Sınır dışı edilecek kişi hakkında idari gözetim kararı çıkmazsa ülkeden çıkışı sağlanıyor, gözetim kararı çıkması halinde ise geri gönderme merkezine yönlendirme yapılıyor. Sınır dışı edilmesine karar verilen göçmen, geri gönderme merkezinde en fazla bir yıl kalabiliyor.

Başkasının parmak iziyle dönüş belgesi imzalatılıyor iddiası

Düzensiz göç ve sınır dışı denildiğinde ilk akla gelen yerlerden biri, geri gönderme merkezleri. Türkiye'de halihazırda Göç İdaresi Genel Müdürlüğü tarafından işletilen 24 geri gönderme merkezi bulunuyor. Türkiye'de göçmenlerle çalışan bir dernek, bir başkasının parmak iziyle imzalatılmış belgelerle sınır dışı edilen kişilerden başvuru aldıklarını dile getiriyor.

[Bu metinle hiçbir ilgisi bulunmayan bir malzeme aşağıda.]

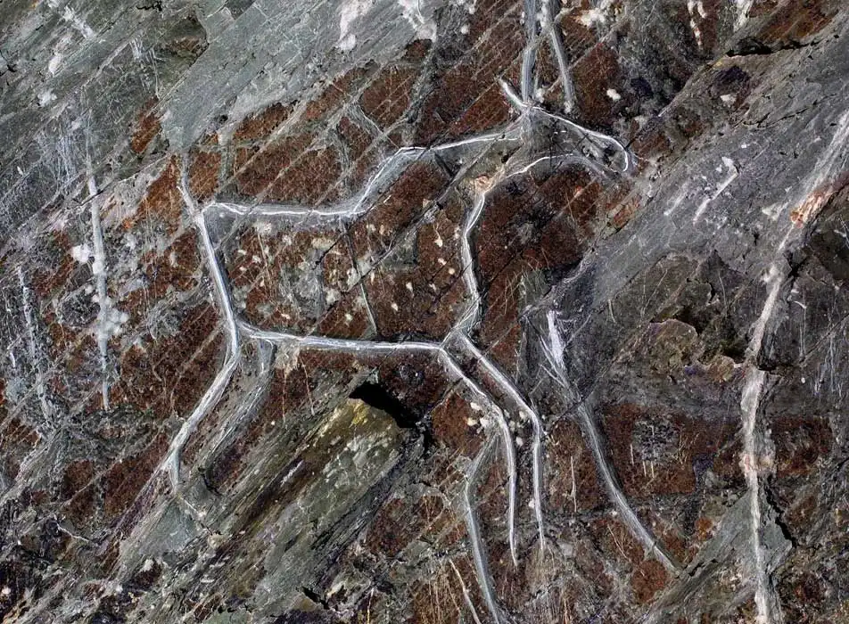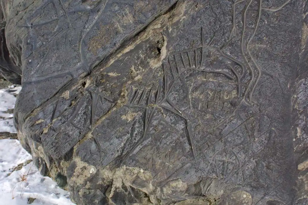 С лосями связаны антропоморфные изображения. Это схематичные рисунки людей часто в звериных масках, которые или охотятся на зверей или участвуют в оплодотворении животных. Среди изображений выбиты знаки солнца.

Uzmanlara göre, geri gönderme merkezleriyle ilgili en önemli sıkıntılardan biri denetim süreçlerinin şeffaf olmaması. DW Türkçe'ye bilgi veren bir göç uzmanı, zaman zaman kötü muamele iddialarıyla gündeme gelen merkezler hakkında, "Koşulların iyi ya da kötü olduğunu söylemek bile mümkün değil çünkü eşit koşullar yok ve yapılan denetimler her zaman kamuoyu ile paylaşılmıyor" diyor.

"İstanbul'dan Urfa'ya geliş kişi başı 100 dolar"

Türkiye'nin 1951'de imzaladığı "Mültecilerin Hukuki Durumuna Dair Sözleşme"nin 33. maddesinde, "Hiçbir taraf devlet bir mülteciyi, ırkı, dini, tabiiyeti, belli bir sosyal gruba mensubiyeti veya siyasi fikirleri dolayısıyla hayatı ya da özgürlüğü tehdit altında olacak ülkelerin sınırlarına geri göndermeyecektir" deniyor.

Diğer yandan, uluslararası hukuk çerçevesinde devletlerin geçici koruma altındaki göçmenleri iadesi de mümkün değil. Ancak DW Türkçe'nin aldığı bilgiye göre, son günlerde yaşanan yanlış anlamalar sonucu ülkelerine geri gönderilenler arasında geçici koruma statüsü bulunan Suriyeliler de var.

 

Şanlıurfa'da bir sivil toplum örgütünde çalışan H., kentte alışveriş merkezlerinde dahi denetim yapıldığı için kimliği olmayan Suriyelilerin korkudan dışarı çıkamadığını söylüyor. Diğer yandan, İstanbul'da yaşayan ve kaydı bulunmayan 6 kişilik bir ailenin gönüllü geri dönüş için başvurduğunu ancak 21 Ağustos'a görüşme tarihi aldıklarını anlatıyor. "İnsanları bir minibüse dolduran kişi, kontrol noktaları bulunmayan yollardan İstanbul'dan Urfa'ya getirdiklerinden kişi başı 100 dolar almış" diyor. H., ayrıca, İdlib'in halen tehlikeli bir yer olmasına rağmen buraya geri gönderilenler olduğunu ifade ederek, "Geçici koruma altında olmasına karşın yanlış anlaşılma nedeniyle mağdur olanlar var" diye konuşuyor.

"Nerede kayıt olunacağına devlet başından karar vermedi"

Türkiye'de devletin ülkeye giriş yapan Suriyeliler için bugüne kadar bir yerleşim planlaması yapmadığını, şimdi ise "Kayıt olduğun yere git" denildiğini ifade eden Prof. Erdoğan'a göre, devletin bunu demesi meşru… "Ama en başından nerede kayıt olacaklarına devlet karar vermedi. Şanlıurfa'da kaydolmuş 422 bin kişi var, nüfusun yüzde 22'sine denk geliyor. İstanbul'da ise bu sayı 547 bin, nüfusun yüzde 3.6'sı... O zaman 'İstanbul'dan dön' demek çok da anlamlı değil" diye ekliyor.